Areas of high frequency were then concentrated into subsets of data called blocks. Because any of the gestures (push or pull) could be in the block, the block had to be broken up into subsections of different gestures. Thus, each block was individually traversed to find the borders between pushes and pulls. We used peak detection, which defined any oscillation above 240 units on the 8-bit ADC, to create a border between the gestures. In addition, the block boundaries were used as gesture borders as well. In the picture below, 10000 samples were obtained over 10 seconds of push/pull gestures. The horizontal red line is drawn at the ADC zero value (128 units), and the two vertical red lines are the beginning and end of a block.
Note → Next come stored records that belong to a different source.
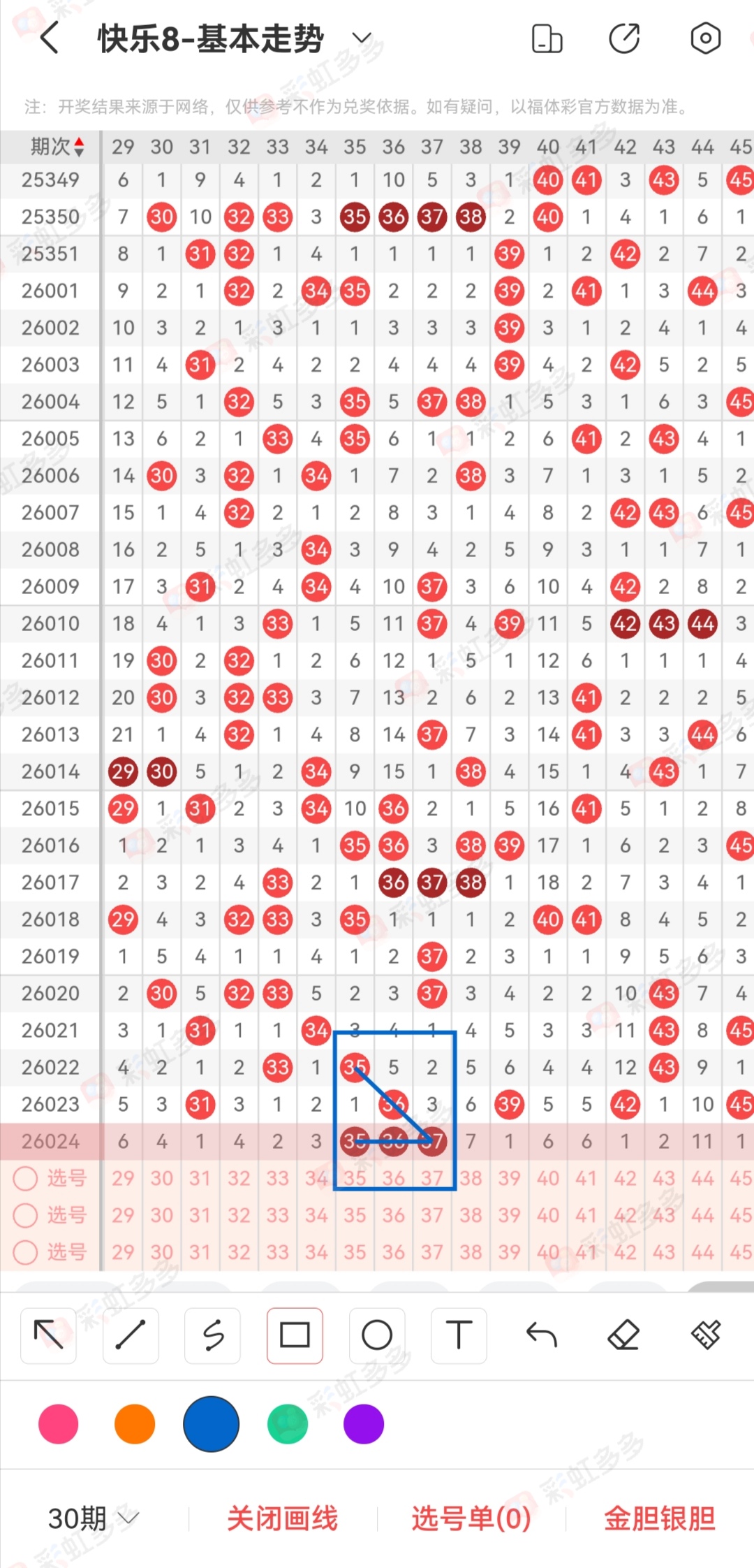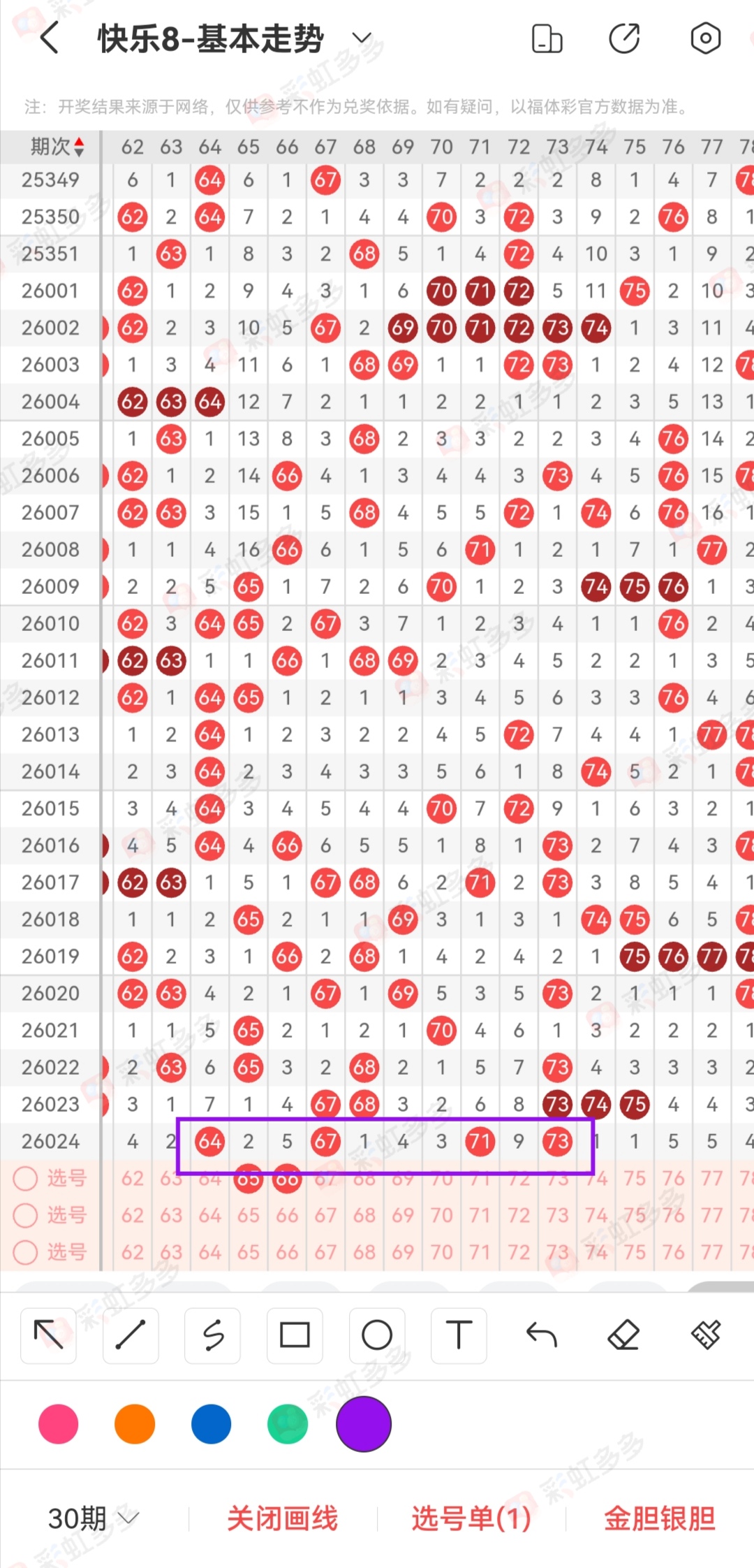 今天我们回顾一下昨天的出号结果。像这种类型的顺位变成同出连号的已经不知道出了多少次。如果每天都有这个类型的去打,我觉得还是有收益的。我们看一下每天顺位能够这么顺的应该不是太多,如果历史记录有出现高频率3顺位4顺位的。我觉得应该可以去防守,中一组可以多打10来天。类似2顺位第三期变成3顺位且3连的数据可以说50期内都不会出现太多。反而那种4顺位有尾巴的那种更容易出现。所以这个位置类型的我们可以做一下数据整理。今年26期数据刚刚开始,有些特殊的点以及高频率已经形成的位置需要记录。在后面的时间我们可以回过头来验证。本身快乐8就是一个很简单的数字游戏,我们不管这个到底有没有规律,但是只要你的假设点真的开出来了那么这个就是有规律的。运气好的人会经常中大奖,也不会说需要什么特别的方法。这就是个人运气。真正有逻辑的反而会有掣肘,因为组合考虑的是一个方向,能不能由点到面,这个是我们自己征服自己的理由。比方说两个相同方向的我会选择1个,两个相反的号码我也选择一个。但是别人不一祥,考虑一个综合中奖率。就是在不亏的前提,能赢多少全靠开奖。他会把4码全打。但是我不会这样子,更多的时候就是为了验证自己,当然这里也没有问题,因为关联号码确实有机会全开也有机会不来。所以看个人组合习惯。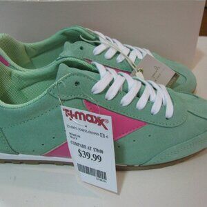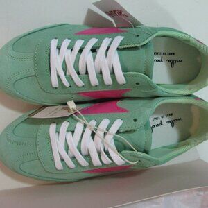 * Mila Paoli Leather Sneaker 7 1/2 8 NWT $70 Mint Green & Pink Lace Up Shoe
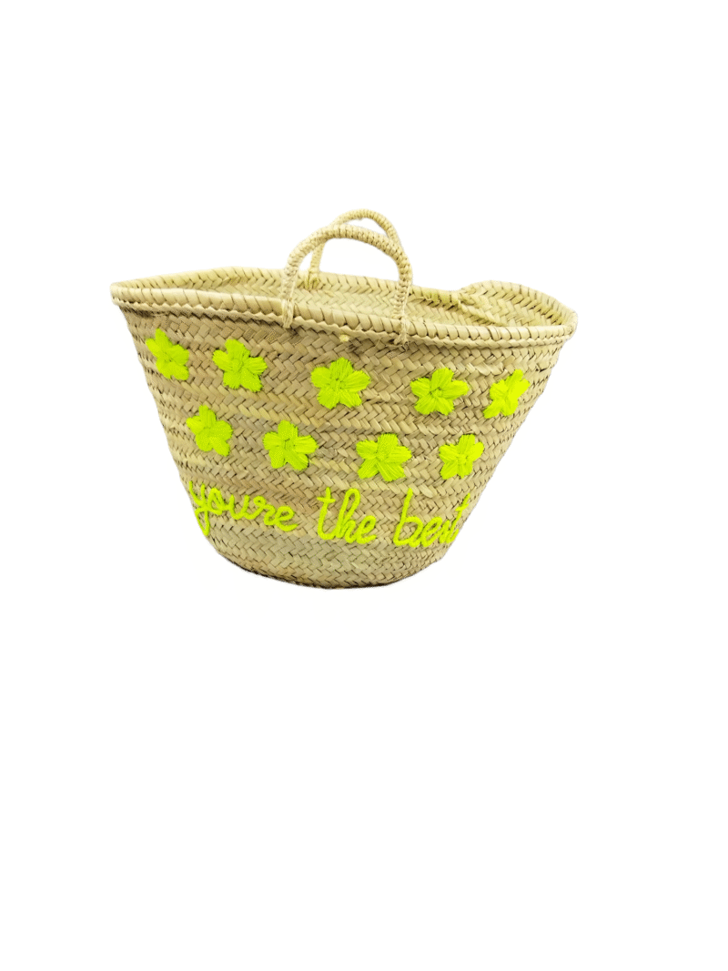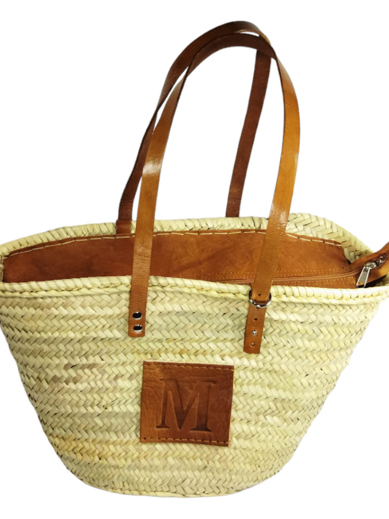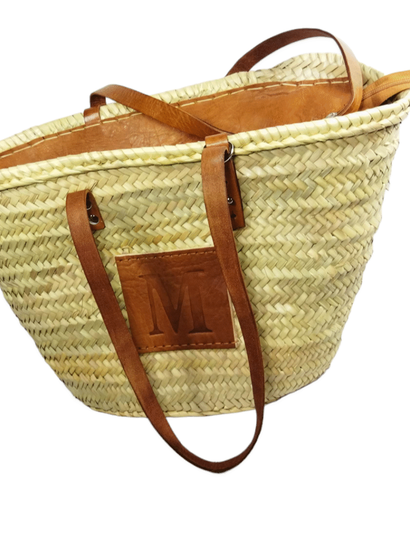 Straw Basket – Leather Letters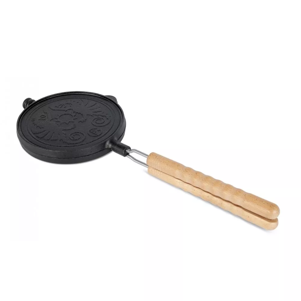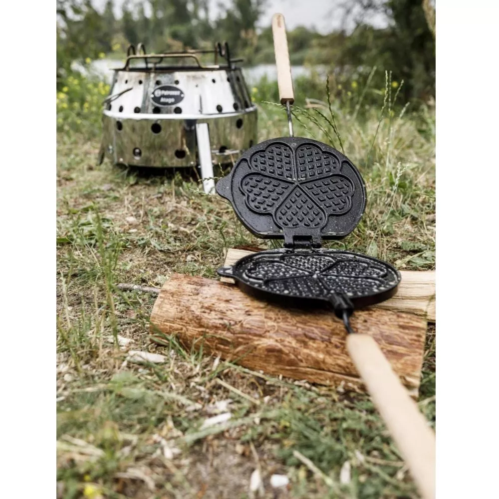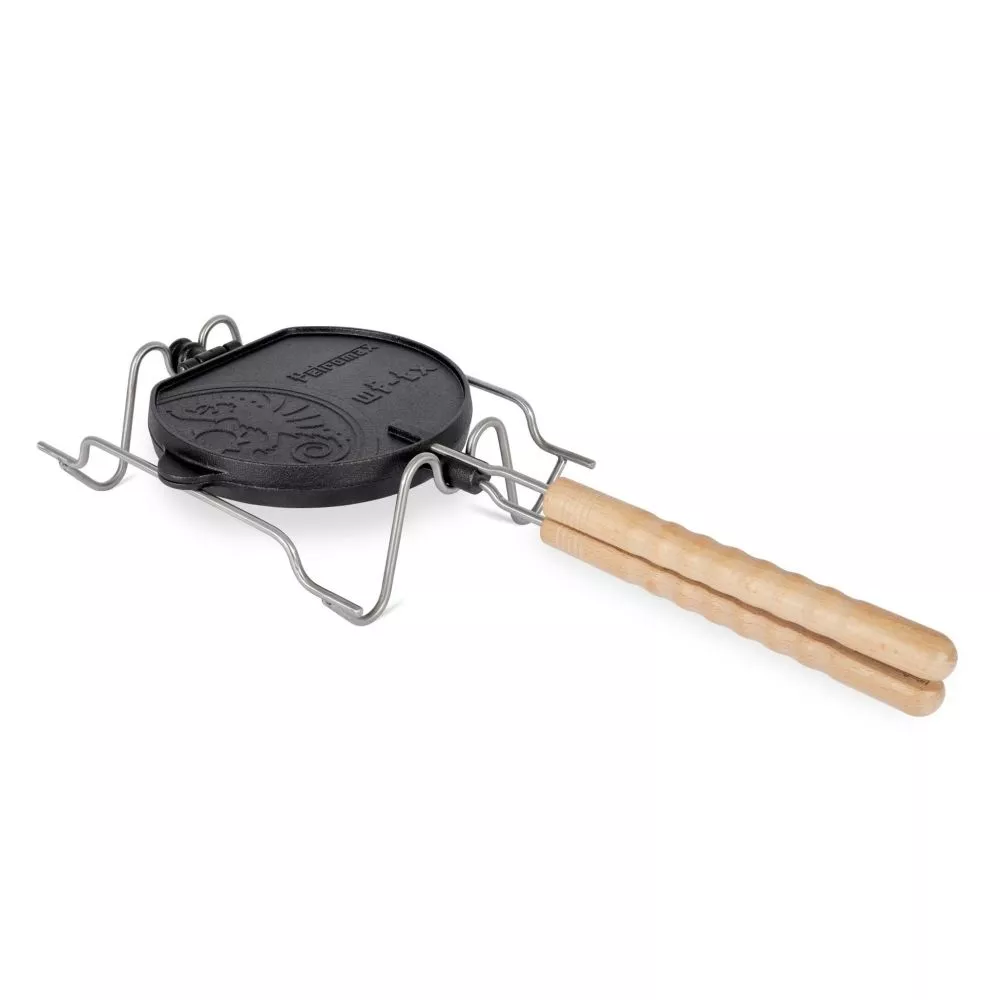- massives Wende-Waffeleisen zur Zubereitung von leckeren Waffeln direkt im Feuer oder in heisser Glut – mit Halterung

So far, frequency had been used to determine where the gestures are occurring in the waveform, but amplitude of the signal had not. We also used the amplitude to determine whether the gesture was a push or a pull. In general, if the peaks of the waveform are increasing, it means the hand is getting closer to the microphone, resulting in a push gesture. The opposite is true for a pull. In the plot shown of the waveform, there is one push and one pull, in that order, between the two vertical red lines (block).
One of our biggest challenges with software was detecting the gestures reliably. This was a problem because the waveform is not always consistent, so pushes can actually have sections of decreasing peak heights and pulls can have sections of oscillating peak heights. Thus, the peak heights do not monotonically increase or decrease, and our detection algorithm had to take these errors into account. We considered doing linear regression on the peak heights to determine if the resulting slope was, on average, increasing or decreasing, but decided against it since it is computationally heavy. Using a state machine that would require significantly less memory on the microcontroller, we thought we would be able to achieve comparable accuracy without using as much memory or computation time. The state machine diagram is shown below, and is a two-bit saturating counter. The idea of the counter state machine is borrowed from Computer Architecture, which uses them to predict branching in code.
Thus, we were able to combine the waveform characteristics of frequency and amplitude, as well as a state machine for determining the most-likely gesture, into our algorithm. The state machine in particular was very valuable, because it introduced a little bit of memory, or hysteresis, into the gesture detection. In other words, if the trend of peaks is indicating the gesture to be a push, then one peak drop at the end will still result in a PUSH detected. If the state is either strong or weak push, the gesture detected is a push; if the state is either strong or weak pull, the gesture detected is a pull. The resulting motions and range of times were output to a computer screen through UART.
Detection of Pushes and Pulls
Our Ultrasound Gesture Detection sytem is able to detect pushes and pulls with reasonable accuracy. No numerical support is provided because we have no way of generating consistent pushes and pulls for comparison. However, for most actions, the system sufficiently detects the motion and is able to discriminate pushes and pulls.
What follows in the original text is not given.